BEGIN Recorded data

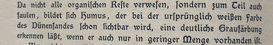 Maar op pag 222, meldt botanicus prof. dr.P. Graebner, dat dat grijs niet slaat op de begroeiing maar op de kleur van het zand eronder, dat door geleidelijke humusvorming haar witheid verliest:
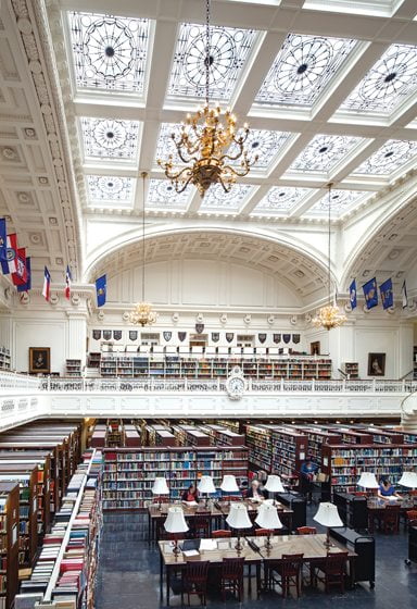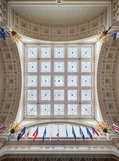 Many DC-area residents will recall DAR Constitution Hall, the site of countless high-school graduation ceremonies. But the Daughters of the American Revolution headquarters on 17th Street actually comprises three landmark buildings. The oldest, Memorial Continental Hall, was designed in the Beaux-Arts Classical Revival style by architect Edward Pearce Casey in 1905. Recently, it underwent a facelift when Quinn Evans Architects restored the vast lay light 50 feet above the DAR Library. Lit from above by a skylight, the leaded-glass structure had sustained cracks, stains and warping over the years. Quinn Evans removed its 25 panels—each measuring eight-by-nine feet—and collaborated with stained- and leaded-glass conservator Femenella & Associates on the job, which entailed preserving 90 percent of the original glass; replicating the slender bars of milled lead, called cames, that hold the decorative glass panes together; and creating stronger structural support. Today, this rejuvenated glass ceiling can be admired in its original splendor above a space full of natural light.
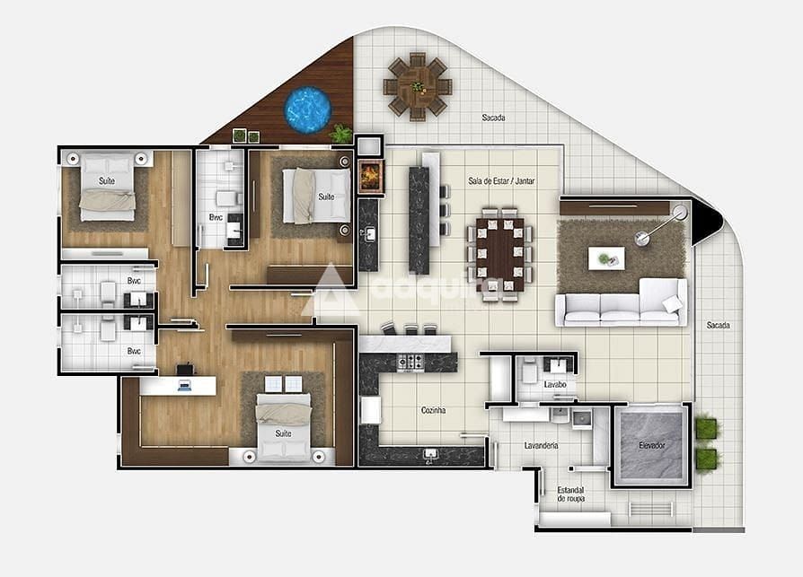 3 suítes, incluindo 1 suíte master
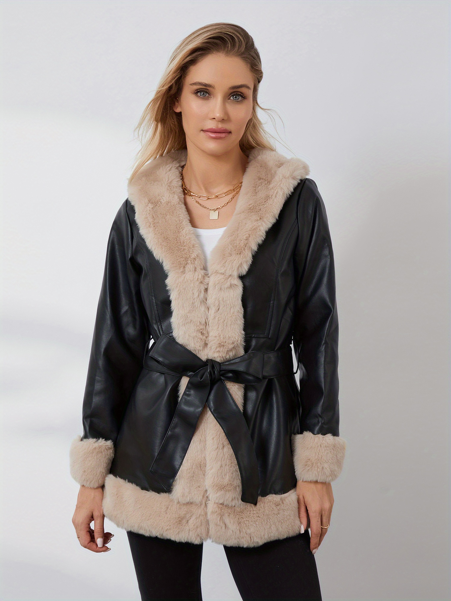 Women’S Elegant Jacket with Plush Collar and Belt – Solid Color, Open Front, Warm Cardigan for Fallu002FWinter, Streetwear Style, Streetwear Jacket | Contrast Color Jacket | Functional Cardiga
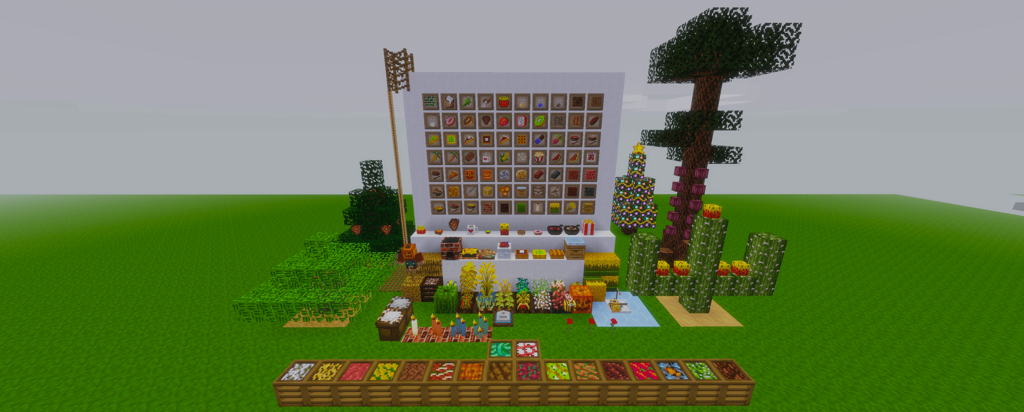 El arte de este mod me gusta mucho aunque añade varias cosas ya echas en minetest como cotton, pillow, cactus sin eliminar antes eso de minetest. Solo es util si lo modificas primero o para usarlo en un nuevo juego, no como un mod para minetest. El mejor mod de cultivos, granjas, comida :D Edit: Aunque si elimina cosas de Minetest en ese caso no recomendaria usar este mod como el cactus por ejemplo.
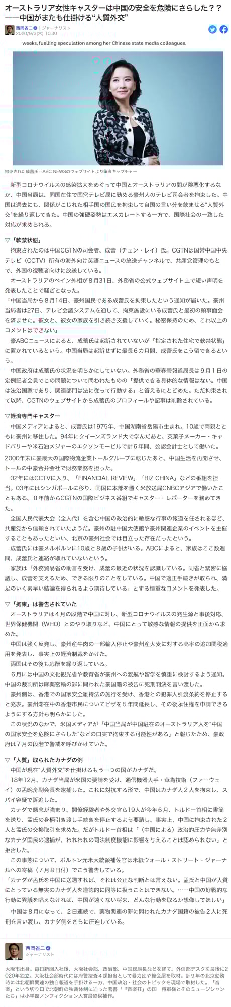 ※ 中国に出張する社員と中国進出企業は「中国共産党に人質にされた場合は、企業が社員救出に責任を持ち、万が一のことがあれば残された社員の家族に生涯年収や慰謝料を支払い生活の保障をする」という契約を結ぶよう、義務づける法律が必要だと思う。
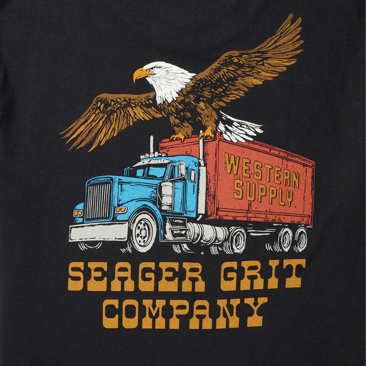 Elevate your casual wardrobe with the Men's Seager Co. Big Rig T-Shirt, a perfect blend of comfort and rugged style. Crafted from premium, soft cotton, this tee ensures all-day comfort while the durable fabric withstands the tests of time and adventure. Featuring a bold, eye-catching graphic of a classic big rig, it pays homage to the spirit of the open road and adds a touch of Americana to your look. Whether you're hitting the road or relaxing at home, this versatile t-shirt is an essential addition for those who appreciate both quality and style.

END Recorded data

Your answer must be the full listing, word for word, minus any images.

Response area.
 Maar op pag 222, meldt botanicus prof. dr.P. Graebner, dat dat grijs niet slaat op de begroeiing maar op de kleur van het zand eronder, dat door geleidelijke humusvorming haar witheid verliest:
 Many DC-area residents will recall DAR Constitution Hall, the site of countless high-school graduation ceremonies. But the Daughters of the American Revolution headquarters on 17th Street actually comprises three landmark buildings. The oldest, Memorial Continental Hall, was designed in the Beaux-Arts Classical Revival style by architect Edward Pearce Casey in 1905. Recently, it underwent a facelift when Quinn Evans Architects restored the vast lay light 50 feet above the DAR Library. Lit from above by a skylight, the leaded-glass structure had sustained cracks, stains and warping over the years. Quinn Evans removed its 25 panels—each measuring eight-by-nine feet—and collaborated with stained- and leaded-glass conservator Femenella & Associates on the job, which entailed preserving 90 percent of the original glass; replicating the slender bars of milled lead, called cames, that hold the decorative glass panes together; and creating stronger structural support. Today, this rejuvenated glass ceiling can be admired in its original splendor above a space full of natural light.
 3 suítes, incluindo 1 suíte master
 Women’S Elegant Jacket with Plush Collar and Belt – Solid Color, Open Front, Warm Cardigan for Fallu002FWinter, Streetwear Style, Streetwear Jacket | Contrast Color Jacket | Functional Cardiga
 El arte de este mod me gusta mucho aunque añade varias cosas ya echas en minetest como cotton, pillow, cactus sin eliminar antes eso de minetest. Solo es util si lo modificas primero o para usarlo en un nuevo juego, no como un mod para minetest. El mejor mod de cultivos, granjas, comida :D Edit: Aunque si elimina cosas de Minetest en ese caso no recomendaria usar este mod como el cactus por ejemplo.
 ※ 中国に出張する社員と中国進出企業は「中国共産党に人質にされた場合は、企業が社員救出に責任を持ち、万が一のことがあれば残された社員の家族に生涯年収や慰謝料を支払い生活の保障をする」という契約を結ぶよう、義務づける法律が必要だと思う。
 Elevate your casual wardrobe with the Men's Seager Co. Big Rig T-Shirt, a perfect blend of comfort and rugged style. Crafted from premium, soft cotton, this tee ensures all-day comfort while the durable fabric withstands the tests of time and adventure. Featuring a bold, eye-catching graphic of a classic big rig, it pays homage to the spirit of the open road and adds a touch of Americana to your look. Whether you're hitting the road or relaxing at home, this versatile t-shirt is an essential addition for those who appreciate both quality and style.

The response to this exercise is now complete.